村上龍さんの本は、「限りなく透明に近いブルー」「69 sixty nine」「コインロッカー・ベイビーズ」「テニスボーイの憂鬱」「ユーチューバー」「インザ・ミソスープ」「55歳からのハローライフ」「新13歳のハローワーク」「昭和歌謡全集」「オーディション」「KYOKO」「恋愛の格差」「最後の家族」に続き、本書は14冊目のアウトプットです。
本書は2007年刊行、著者の買い物に特化したエッセイ集になっています。著者が「自分は全くオシャレに昔から興味がなかった」と語るところから始まります。
24歳で初めてネクタイをしめたというほどファッションに無関心だった彼が、サッカー選手の中田英寿がイタリアのリーグに移籍したのをきっかけにイタリアを訪れるようになり、そこでシャツやスーツ、ネクタイ、靴などの魅力に開眼する過程を描かれています。
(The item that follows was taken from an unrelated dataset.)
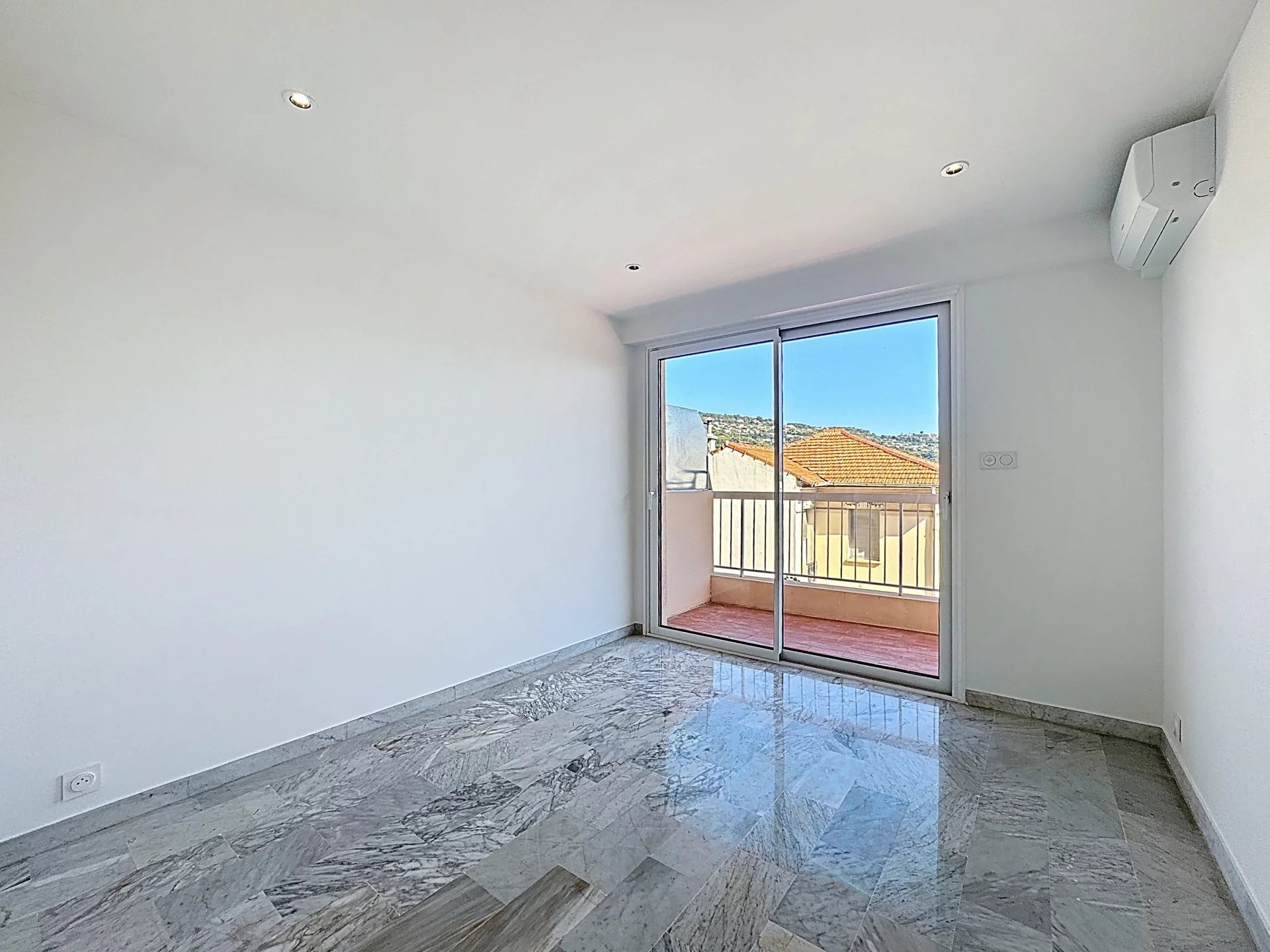 SAINT NICOLAS - Less than 10 minutes' walk from La Banane, in the immediate vicinity of all amenities, in a well-maintained building with elevator and concierge, discover this renovated 3-room apartment, featuring a corner terrace facing south and east, accessible from all rooms.

特にイタリアでの体験が中心で、イタリア人男性が基本とする「ブルーの長袖シャツ」に強く惹かれ、短時間で十数枚もまとめ買いするような豪快な買い物ぶりが繰り返し紹介されています。
着心地の良さやネクタイとの相性を重視し、飼い猫の冷たい視線や中田英寿のあきれ顔もものともせず、買い物道を邁進する様子がユーモアを交えて綴られています。
他にもパリ、ハバナ、ソウル、上海、マウイ、フランクフルトなど世界各地での買い物エピソードが登場し、葉巻の道具、下着、Tシャツ、自転車バイク、サラミ、小物・置物などが挙げられています。
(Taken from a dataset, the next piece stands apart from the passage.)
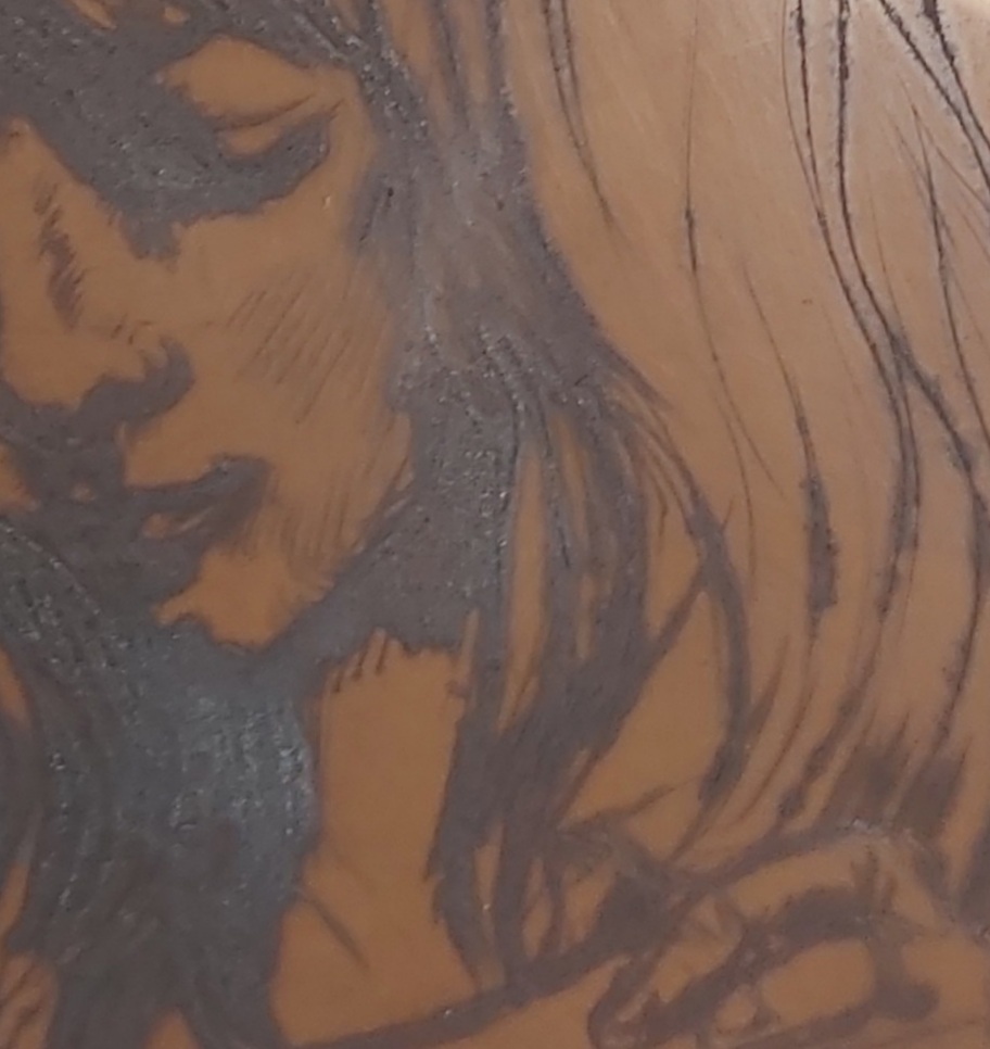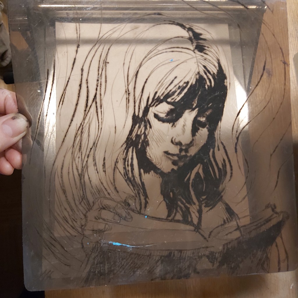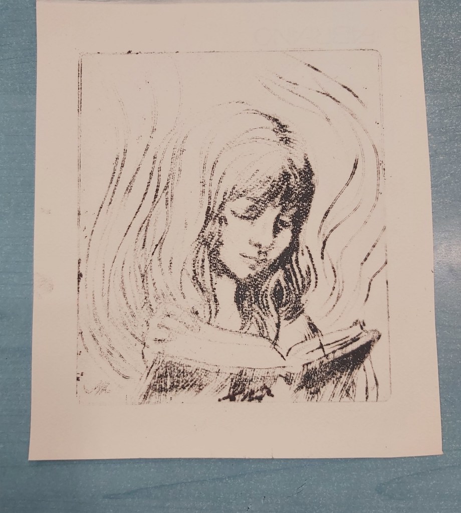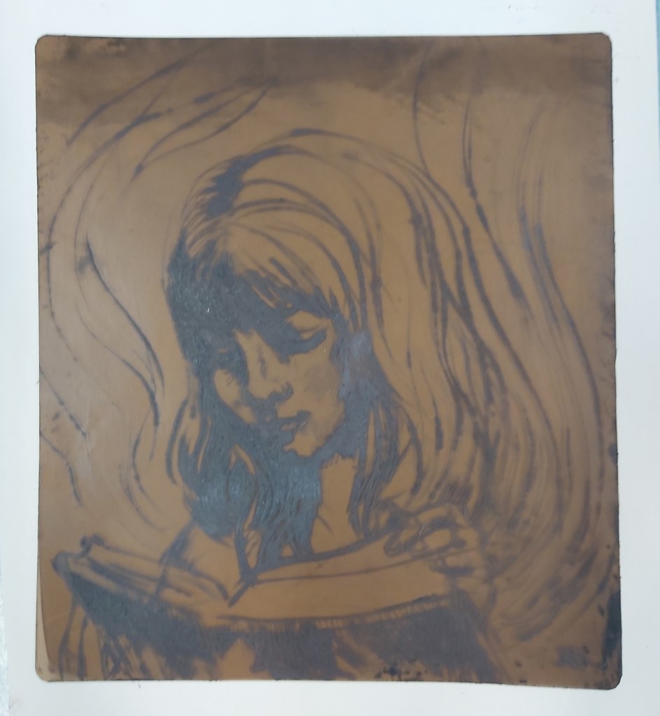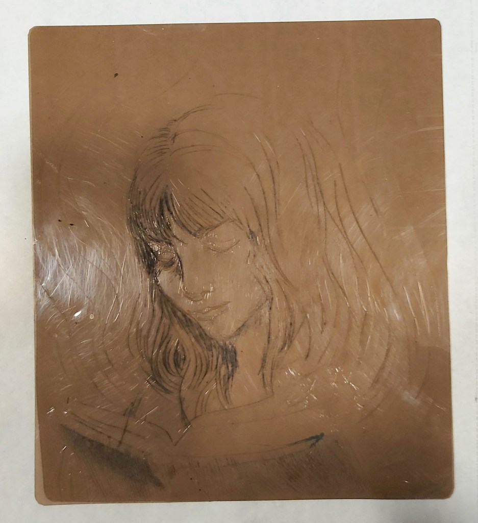 Hosszú idő után, csak úgy, örömből rajzoltam, kipróbálva egy technikát (egyszerű, keményebb fóliára tűvel, azaz körzőheggyel karcoltam). A munkaközi próba szénporral készült, mert nem voltam présközelben, de a későbbi állapotról készült nyomat is. Karc, dúc, nyomat… – persze a festékes dúc szebb, mint ami a papírra sikerült róla, de majd még próbálkozom normálisabb mélynyomó papírra.

購入した品々は単なる物ではなく、旅の記憶を呼び覚ますものとして位置づけられ、日常の快楽や欲望に素直に従う姿勢が強調。デビュー作『限りなく透明に近いブルー』の印税で初めて大金を手にしたときの話や、『半島を出よ』の執筆時、箱根の温泉にこもったときにAmazonが役立ったことなど、作家としての心情も触れられています。
ブランド品について冷静に考察する場面もあり、買い物欲の熱狂と理性の間を行き来する様子が印象的な内容でございました。
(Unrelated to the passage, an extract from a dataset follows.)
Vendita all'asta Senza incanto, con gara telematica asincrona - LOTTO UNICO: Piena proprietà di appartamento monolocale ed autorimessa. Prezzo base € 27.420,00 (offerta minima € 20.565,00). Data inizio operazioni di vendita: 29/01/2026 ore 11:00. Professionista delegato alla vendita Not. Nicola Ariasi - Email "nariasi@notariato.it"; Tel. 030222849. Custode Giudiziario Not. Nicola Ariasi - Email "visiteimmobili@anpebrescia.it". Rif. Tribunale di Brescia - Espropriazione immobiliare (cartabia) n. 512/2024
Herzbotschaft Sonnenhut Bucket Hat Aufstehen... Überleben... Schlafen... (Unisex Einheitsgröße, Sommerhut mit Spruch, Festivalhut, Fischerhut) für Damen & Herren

サイゼリアの社長と対談するため、取材と称して食いに行ったときの話を紹介していました。「サイゼリアの味で育った日本の子供たちは、本場イタリアに行ってもサイゼリアを超える味にたどり着けないだろう」とそんな比喩をし、サイゼリアを称賛しておりました。
日韓ワールドカップのときに取材しに来ていた、イタリアのクルーも絶賛していたという。ただし、こんな素晴らしいイタリアンがあるという記事は、取材費を削られるため絶対に書かないという。(笑)
私はじつはサイゼリアに行ったことがない。(笑) 2023年11月に「人気飲食チェーンの本当のスゴさがわかる本 / 稲田俊輔」という、サイゼリア愛について語られているという本を読んだのを思い出した。その本を再び読み返して、今度サイゼリアに行ってみようと思います。